Tuesday, April 26, 2011

Work



I hate what I do.  I have said this before, but yesterday I was at work and for the first time in 15 years I suddenly thought to myself that what I do is disgusting.  I scrape the stuff off people's teeth that they are too lazy to clean up on their own.  It's gross. 


I have never been bothered by this before.   Do you think it's a sign?  Maybe it comes from cleaning up after people all day, every day.  I think I want something more out of what I do.  Some kind of fulfillment or what not.  Hmm...

I have been feeling a little low about work lately.  I only work relief and I was hoping to be getting more days.  On the flip side, Dan has been filling his schedule right up.  I am glad for that.  But there is a part of me that feels so guilty watching him work his butt off all the time when I could really help out with a few days here and there.  Silly.  He told me yesterday that I needed to stop and be grateful that the Lord is letting him work so I can be home with the kids.  I realized that we have for so long depended on my stints at work to get by, which is okay, but he is so ready to be the one to truly support our family.  He is the hardest worker I know.  He would do just about anything and work pretty much all the time in order to take care of us.  I am so proud of him and grateful to have him as my hubby and my children's father.
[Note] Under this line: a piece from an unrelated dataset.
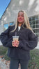 This pullover has a relaxed, slightly boxy fit with a cropped length that sits at the natural waist. It’s designed to feel cozy without being bulky and layers easily over tees or base layers.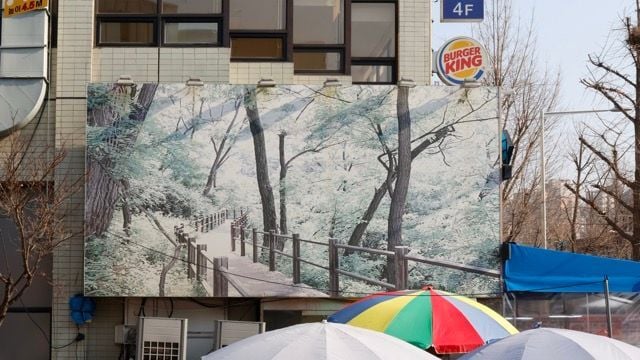 김윤호는 사진과 영상을 중심으로 한 시각매체 작업을 통해, 동시대 이미지가 개인과 사회 안에서 어떻게 소비되고 받아들여지는지를 꾸준히 탐구해왔다. 이번에 공개되는 ‘TOPIA’ 시리즈는 도시의 건물 외벽이나 공사 가림막에 부착된 자연 풍경 이미지에서 출발한다. 작가는 도시가 거친 표면을 정돈하거나 완화하기 위해 차용한 이러한 풍경이 실제 자연이라기보다, 도시의 물질적 표면 위에 덧입혀진 또 하나의 이미지 층위라고 바라본다.

Of course, I feel guilty now about hating work.  But I love my work at home.  I guess he was right, I'm so fortunate to be able to do it.  Smart guy!  But I am looking for a career change eventually.  Any suggestions?



1 comment:

  1. You would be an excellent teacher!! And, you're so musical - you could teach piano and make a ton of money and STILL stay at home with your kidlets. If you tap into homeschooling families, you could teach piano while your kids are at school - imagine that!! I know that no matter what you do, you're going to be great. How lucky you are to have Dan bringing home the bacon - yeah Dan!!